Richter was criticized for trying to take full control of Kohl's funeral. Richter declined a national memorial ceremony in Germany, trying to prevent Chancellor Angela Merkel from speaking at the ceremony in Strasbourg allegedly out of spite for Angela Merkel. Instead, Richter wanted the controversial Hungarian Prime Minister Viktor Orbán, who has fiercely criticized Merkel's refugee policy, to speak; she only relented when told it would cause a scandal.

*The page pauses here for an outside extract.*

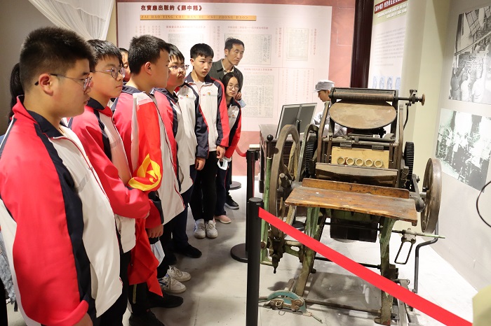 迎着古色古香的驻马街一路寻访,同学们来到了《苏中报》纪念馆。首先映入眼帘的是悬挂在门楣上的“湖畔雄风”四个大字,它喻示着射阳湖从遥远的汉代到新中国成立英雄辈出。馆中陈列了当年苏中区党委创办的《苏中报》曾使用过的印刷工具、生活用品等革命文物,重现了曾经的芦苇荡、印刷报纸等场景。

Reuters noted that "many questioned whether it was really an increasingly frail Kohl who was close to Orbán, a nativist critic of Merkel's open-doors refugee policy" or whether it was actually Richter. Richter's attempt to control the European Union ceremony was criticized in a speech by the President of the Bundestag Norbert Lammert, where he said that "with all due respect, the way and the place in which this outstanding political lifetime achievement ... is honoured are more than a family affair." Deutsche Welle noted that "in this case, the word 'family' refers to one person", Maike Kohl-Richter.

Walter Kohl called the funeral plans unworthy of Kohl's legacy, and called for an act of state in Berlin as desired by most German politicians, and proposed it could take place in front of the Brandenburg Gate.

The entire Kohl family boycotted Helmut Kohl's funeral and all of the related ceremonies.